2nd Miss Universe Philippines pageant

Miss Universe Philippines 2021 was the second Miss Universe Philippines pageant, held at the Henann Resort Convention Center in Alona Beach, Panglao, Bohol, on September 30, 2021. Originally scheduled to be held on September 25, 2021, the event was postponed to September 30, 2021 due to the sudden surge of COVID-19 cases in the Philippines.

Rabiya Mateo of Iloilo City crowned Beatrice Gomez of Cebu City as Miss Universe Philippines 2021 at the end of the event. Gomez eventually represented the Philippines at the Miss Universe 2021 pageant in Eilat, Israel, in December 2021 and finished as a finalist.

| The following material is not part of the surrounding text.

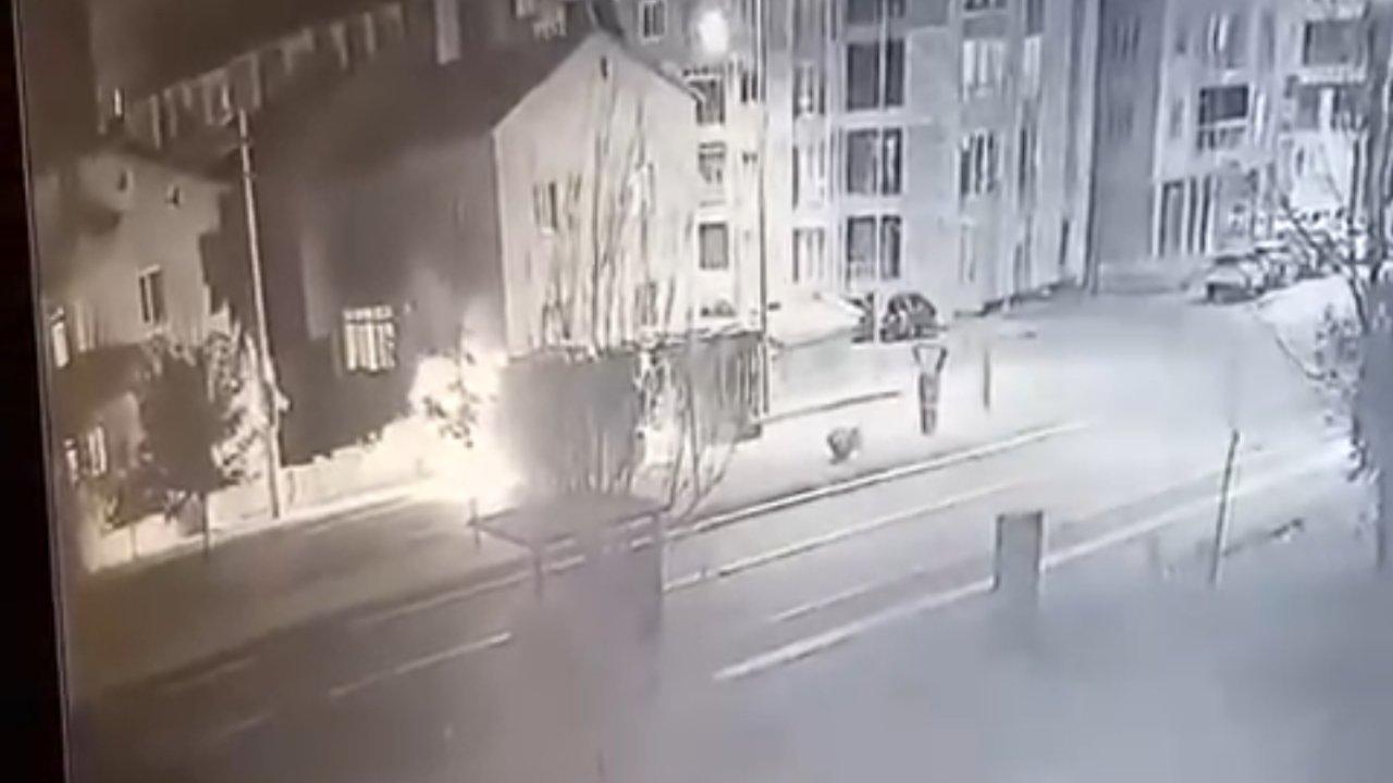 TIR, vinçle yoldan kaldırılırken, kaza, çevredeki bir iş yerinin güvenlik kamerasına yansıdı.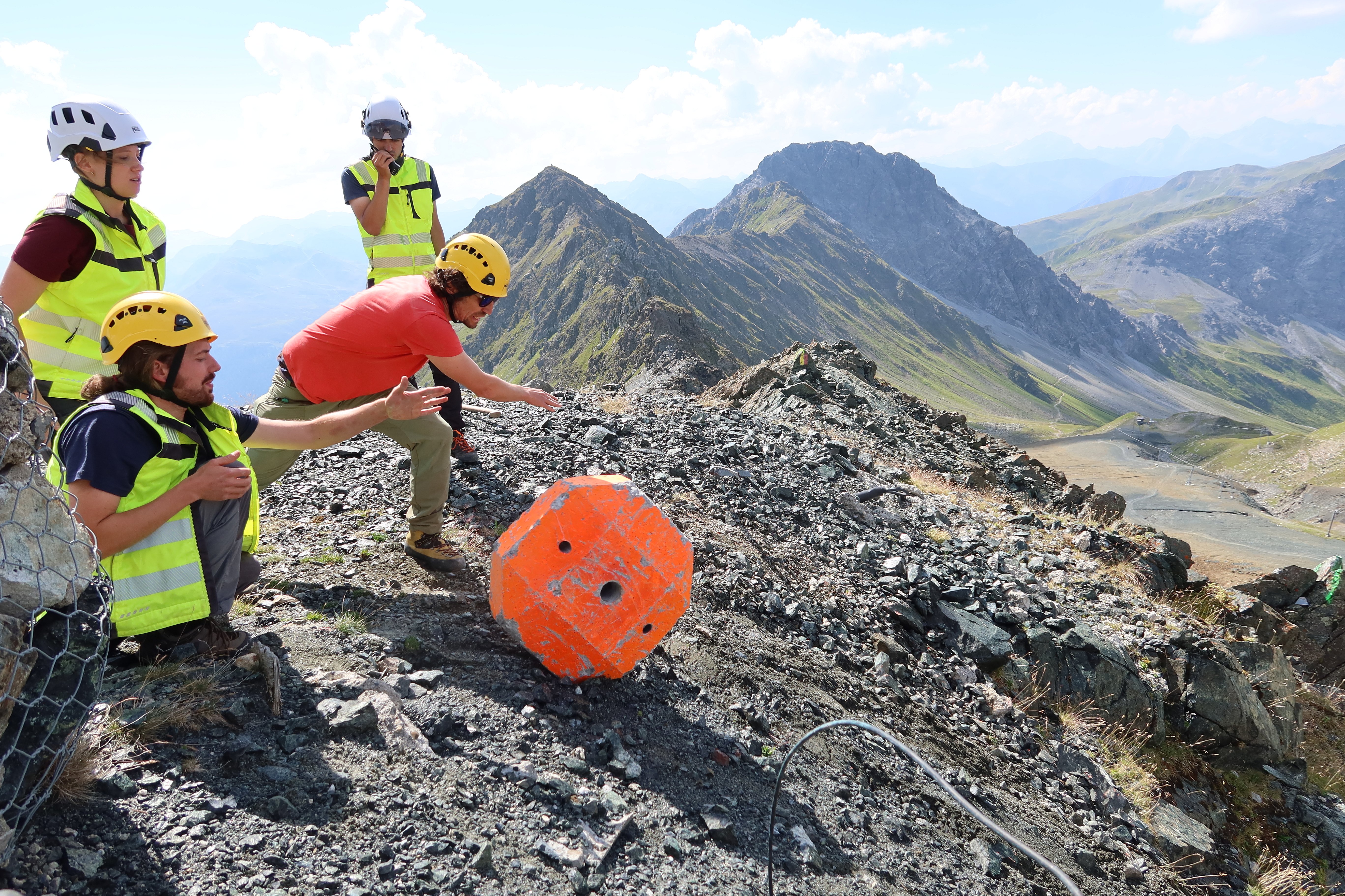Im Anschluss bestimmen die Helfenden per GPS die genauen Endpunkte, bei denen die Steine gelandet sind, bevor das Team die Sensoren einsammelt. Borner liest die Daten noch vor Ort aus, dann kommen die Sensoren in die nächste Charge der Steinblöcke. Die radförmigen interessieren ihn am Meisten: «Steht ihnen nichts im Weg, werden sie mit Abstand am schnellsten und gefährlichsten. Treffen sie aber auf ein Hindernis, können sie auf ihre flache Seite kippen und so sogar im steilen Hang liegen bleiben. Ihre Reichweite variiert also extrem.»

Contestants from twenty-eight localities competed in this edition. The pageant was hosted by KC Montero. Filipino singers Sam Concepcion and Michael Pangilinan performed as musical guests.

==Background==
===Location and date===
On July 14, 2021, the organization announced that the coronation for the Miss Universe Philippines 2021 pageant will be held on September 25. However, on six days before the scheduled finals, the organization announced that the coronation night was postponed due to the sudden surge of COVID-19 cases in the Philippines. On September 24, it was announced that the finals would be held on September 30, 2021 at the Henann Resort Convention Center in Alona Beach, Panglao, Bohol.

===Selection of participants===
On May 8, 2021, the organization launched its search for the next Filipina who will represent the Philippines at the Miss Universe 2021 competition. The final submission of applications was on July 15, 2021.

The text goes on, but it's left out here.